Thank you all once again for the input.

OP posts:
SallyGinnamon · 20/03/2017 21:06

Sounds like she's upset and being deliberately bloody awkward.

Tricky situation as I remember being awful to DstepF when he and DM got married (and she had been divorced for 20 years).

What does your DP say about it? Really it's her problem to solve. Her DD and her DP. If DD has issues with you two getting together and you being young enough to be her sister then her DM should be exploring it, not you.

OTOH lock your car keys away. Driving that without permission is outrageous!

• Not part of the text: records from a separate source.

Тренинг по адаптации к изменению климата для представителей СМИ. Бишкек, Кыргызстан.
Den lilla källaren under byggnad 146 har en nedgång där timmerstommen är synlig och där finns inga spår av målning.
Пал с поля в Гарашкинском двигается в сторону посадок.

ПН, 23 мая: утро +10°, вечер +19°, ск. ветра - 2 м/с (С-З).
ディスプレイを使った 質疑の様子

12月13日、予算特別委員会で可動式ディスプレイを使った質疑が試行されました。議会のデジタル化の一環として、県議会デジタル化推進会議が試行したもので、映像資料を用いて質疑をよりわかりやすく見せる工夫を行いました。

SallyGinnamon · 20/03/2017 21:07

Ah! Cross posted with you!

Chippednailvarnishing · 20/03/2017 21:11

You and your DP sound like doormats.

She's not a child, so stop treating her like one.

EdmundCleverClogs · 20/03/2017 21:20

Well I hope your partner finds the backbone she's been missing the past few years, otherwise nothing will change.

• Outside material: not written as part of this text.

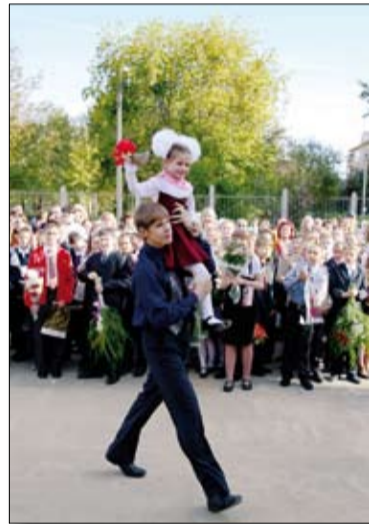
На линейке — шефы и подшефные.

Насколько я помню, едва ли не каждое мое школьное Первое сентября начиналось с созерцания унылого пейзажа за окном: пасмурное небо, а то и вовсе накрапывающий дождик. В этом году небесные силы порадовали нас солнечной и теплой погодкой. Повезло детишкам! Не надо им надевать куртки и резиновые сапоги, прятать под верхней одеждой так тщательно подобранные, отутюженные наряды. Налегке, в красивых белоснежных рубашках, вместе с родителями идут они по улицам Верхней Пышмы в свои

More armchair psychology, but it sounds like the daughter never moved past being 14 emotionally (when her parents split). It will take more than a stern talking with her to fix that. It's all well and good saying she's 20 now and needs to get a grip, but if she hasn't dealt with the issues of her teenage years - a time where her parents split, her mum comes out as gay and starts dating a woman barely older than her daughter - it could have caused some trauma. I don't think this will be fixed easily, whatever happens.

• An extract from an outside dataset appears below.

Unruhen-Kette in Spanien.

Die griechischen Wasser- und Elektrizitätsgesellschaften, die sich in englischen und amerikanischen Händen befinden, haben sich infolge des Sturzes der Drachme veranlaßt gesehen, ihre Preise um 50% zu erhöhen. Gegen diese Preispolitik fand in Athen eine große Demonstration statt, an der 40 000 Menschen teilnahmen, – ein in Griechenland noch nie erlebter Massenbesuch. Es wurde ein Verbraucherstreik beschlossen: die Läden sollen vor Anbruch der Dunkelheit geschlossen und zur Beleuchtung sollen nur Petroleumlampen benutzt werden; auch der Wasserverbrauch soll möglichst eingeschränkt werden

cantthinkofausernamerightnow · 20/03/2017 21:24

You are free to like and dislike whomever you please
However,

  1. this girl's life has been turned inside out. She does not have to be happy about your relationship with her mother
  2. although she is legally an adult, she is still young which will have bearing on her emotions and behaviour.
  3. She remians in ft education and is therefore dependent on her mother. It is not uncommon for adult offspring to remain at home and need the practical amd financial support of their parents.
  4. Keeping your car keys out of her "reach" will easily solve the car issue
  5. Your girlfriend is responsible for her dd. She has a moral obligation (quite rightly) to look out for her. You, however, do not share this responsibility. You get to choose who lives in your home.
  6. You too are young and deserving of happiness.
cantthinkofausernamerightnow · 20/03/2017 21:30

It really doesnt matter how great you are,or how much you appciate this is difficult for the dd.
Parents splitting up- mother coming out- mother having girlfriend same age as you- all living together is a head fuck.
Either get out all together or ask them all to leave and see your girlfriend without her kids there.